Das Fragmentierungsspektrum für dieses Peptid bestätigt seine Aminosäuresequenz und ermöglicht es, es auf das H MG B eins Protein zu kartieren. Im Gegensatz dazu zeigt die Quantifizierung eines anderen Peptids als das Protein Histon H vier, dass sich seine Häufigkeit mit der Krankheit nicht ändert. Wir können die Reproduzierbarkeit der Veränderungen in der Peptidhäufigkeit, die wir zwischen den verschiedenen physiologischen Zuständen beobachten, mit statistischer Analyse analysieren.

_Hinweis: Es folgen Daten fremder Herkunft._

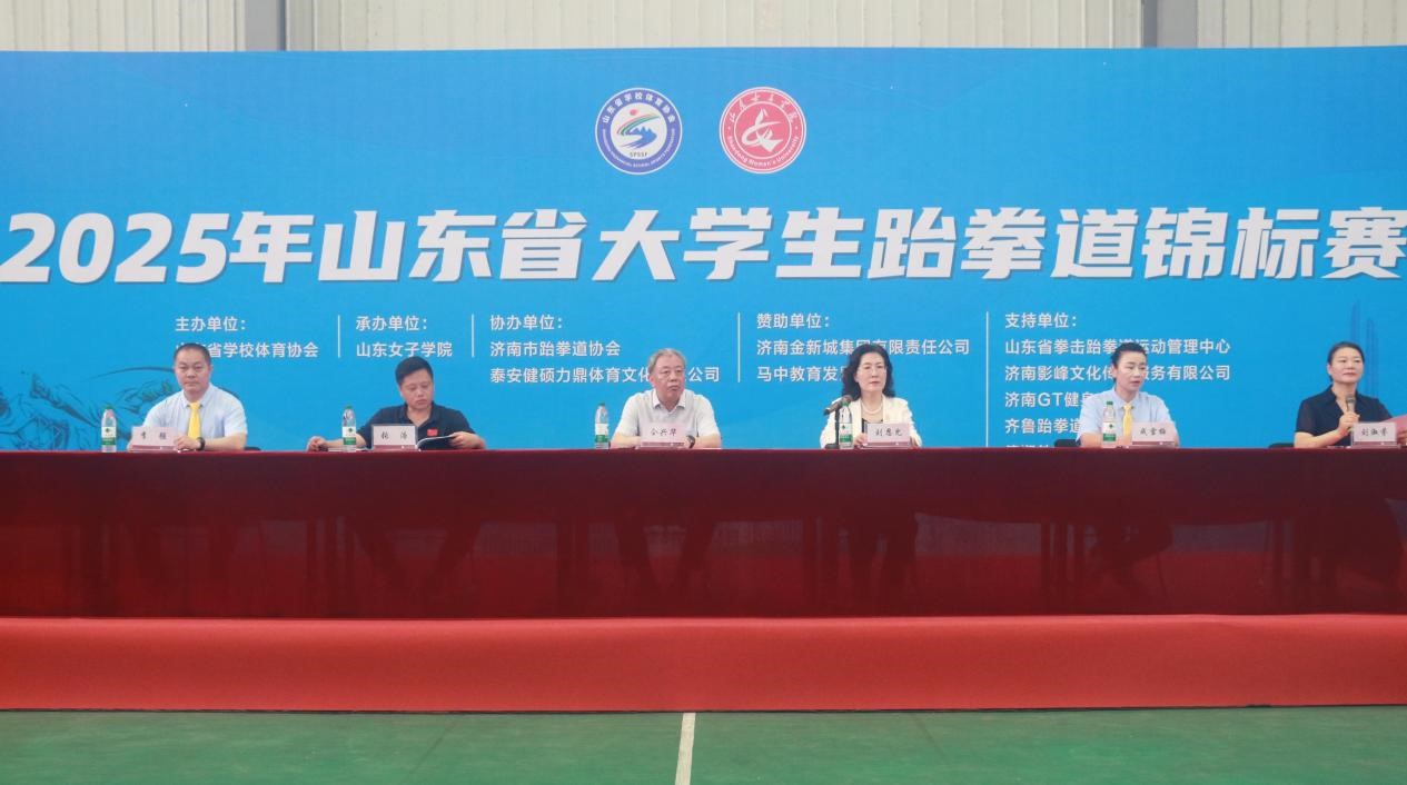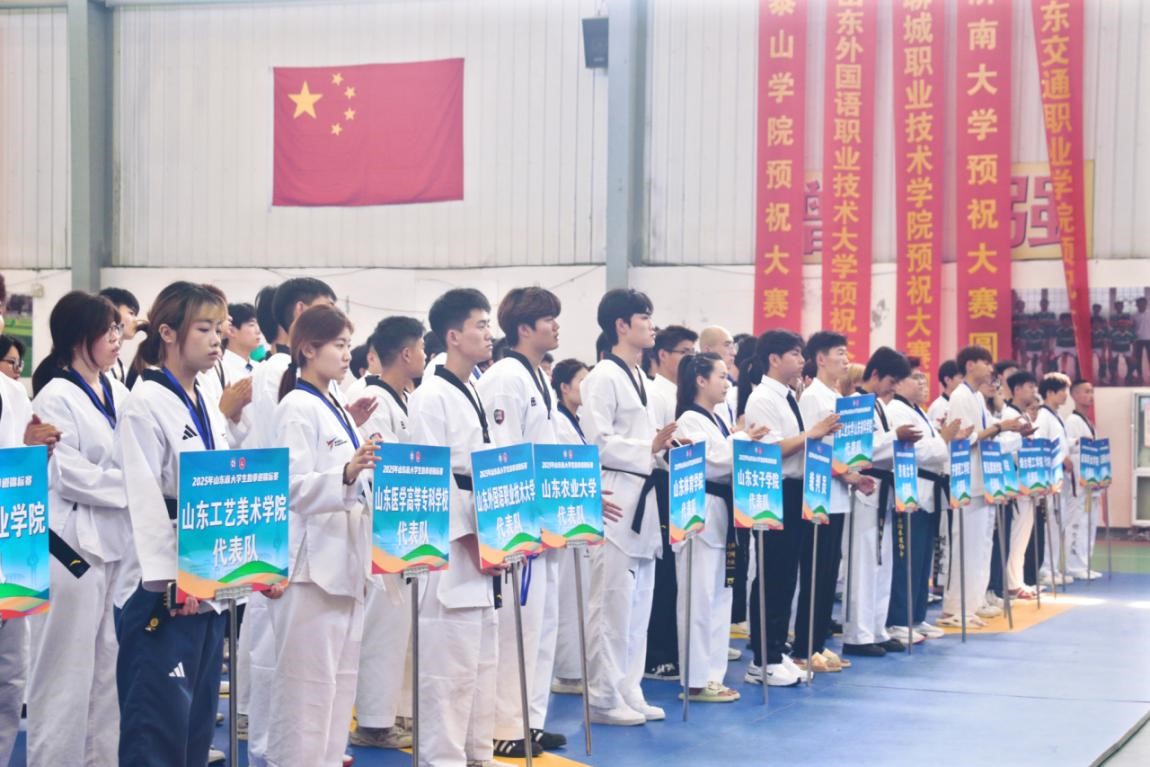 6月7日,2025年山东省大学生跆拳道锦标赛在学校拉开帷幕。本次赛事由山东省学校体育协会主办,学校承办,是山东省首次举办的大学生跆拳道项目比赛,吸引全省21所高校180余高校跆拳道精英同场竞技。山东省学校体育协会会长、山东大学原党委副书记仝兴华,学校副校长刘恩允,济南市跆拳道协会等领导出席开幕式。开幕式由学校体育教学部负责人主持。

Zuerst wird die Häufigkeit aller in jedem Replikat identifizierten Peptide einer Anova unterzogen, gefolgt von einer Hauptkomponentenanalyse oder PCA. Die Clusterung sowohl technischer als auch biologischer Replikate in dieser Grafik bestätigt, dass die durch die Massenspektrometrie erfassten Abundanzänderungen zwischen den verschiedenen Krankheitszuständen konsistent und reproduzierbar sind. Basal in blauer Hypertrophie, rotes Versagen in grün Ebenso wichtig wie die Quantifizierung und Reproduzierbarkeit der Ergebnisse ist die erhöhte Abdeckung des nukleären Proteoms, die durch die nukleare Subfraktionierung ermöglicht wird.
Diese Abbildung zeigt, dass die Analyse des gesamten Kerns allein nicht einmal einen Großteil der identifizierten Kernproteine aufdeckt, wenn man einzelne Analysen aus den einzelnen Kompartimenten kombiniert. Darüber hinaus zeigt die moderate Überlappung zwischen den verschiedenen Fraktionen die biologische Relevanz, diese Kompartimente einzeln zu betrachten, um zusätzliche Einblicke in die Kernfunktion und die Genregulation zu erhalten. Schließlich ermöglicht die Möglichkeit, säureextrahierte oder mit Detergens extrahierte Chromosomen spezifisch zu fraktionieren, wichtige Chromatinstrukturproteine wie Histone, wodurch eine gezieltere massenspektrometrische Analyse einer Gruppe von Proteinen ermöglicht wird, ohne dass für jede Variante und Isoform spezifische Antikörper erforderlich sind. Beim Versuch dieses Verfahrens ist es wichtig, daran zu denken, alle Proben, die auf dem Massenspektrometer analysiert werden, frei von Keratinkontaminationen zu halten.
Dies ist besonders wichtig in den nachfolgenden Schritten nach der Proteinisolierung.
View the full transcript and gain access to thousands of scientific videos
This article describes a method for isolating chromatin-bound proteins from mouse heart tissue, which is crucial for understanding the nuclear proteome in various physiological conditions. The approach utilizes quantitative label-free mass spectrometry to analyze protein characteristics associated with heart disease.